• _What this task involves_: Would you reproduce each line below exactly, leaving every picture out?
*** Available data
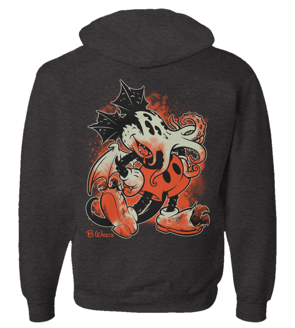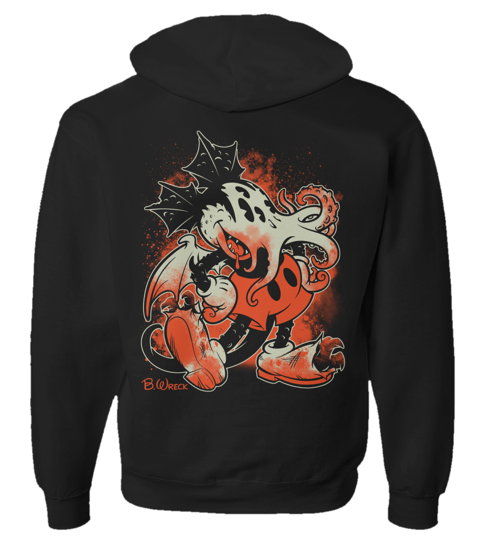 Hiya, folks! In a clever scheme to better equip humanity to embrace and serve the Elder Gods, an adorable mascot was created to soften the blow and sell heaps of merchandise. If ol' Walt weren't awaiting resuscitation in the secret bowels of "The Happiest Place on Earth", he'd be spinning in his grave like an electrified top! Anyway, let's give a big warm welcome to Mickthulhu Mouse and embrace those tendrils of insanity tickling at the back of our brains.
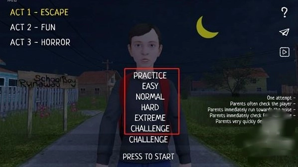 一共设有六个不同的难度挑战,依次为实践、容易、正常、困难、极端和挑战。
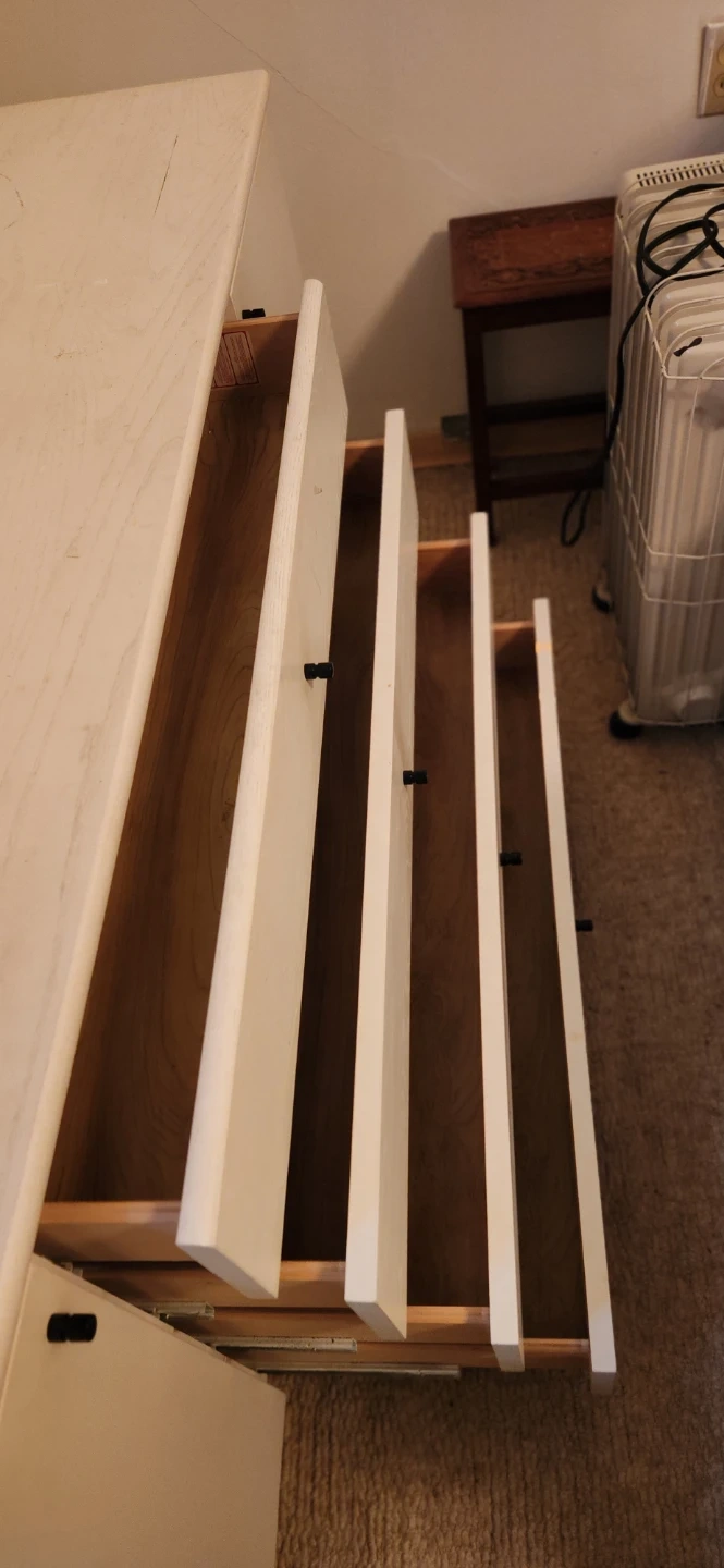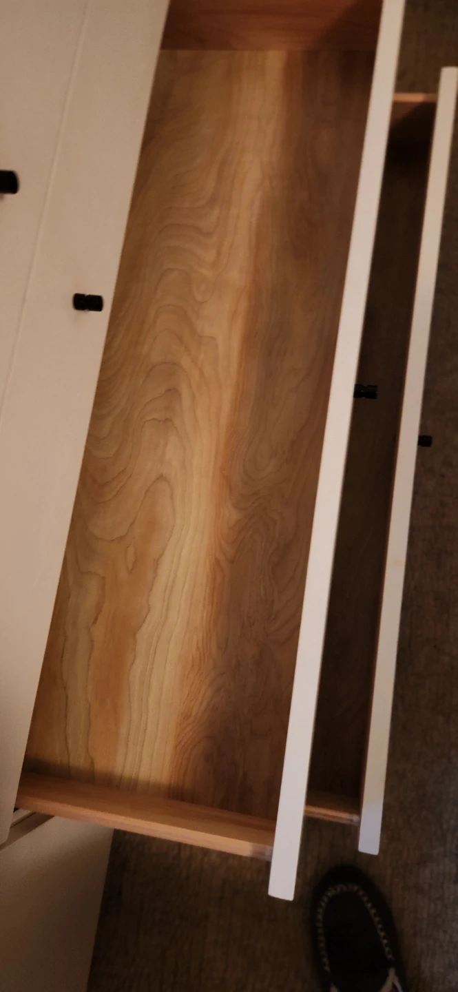 This sideboard features three drawers and two cabinet doors for ample storage. The interior is finished with natural wood. It's a clean and functional piece for any room.
******
• _Output of the exercise_:
 Hiya, folks! In a clever scheme to better equip humanity to embrace and serve the Elder Gods, an adorable mascot was created to soften the blow and sell heaps of merchandise. If ol' Walt weren't awaiting resuscitation in the secret bowels of "The Happiest Place on Earth", he'd be spinning in his grave like an electrified top! Anyway, let's give a big warm welcome to Mickthulhu Mouse and embrace those tendrils of insanity tickling at the back of our brains.
 一共设有六个不同的难度挑战,依次为实践、容易、正常、困难、极端和挑战。
 This sideboard features three drawers and two cabinet doors for ample storage. The interior is finished with natural wood. It's a clean and functional piece for any room.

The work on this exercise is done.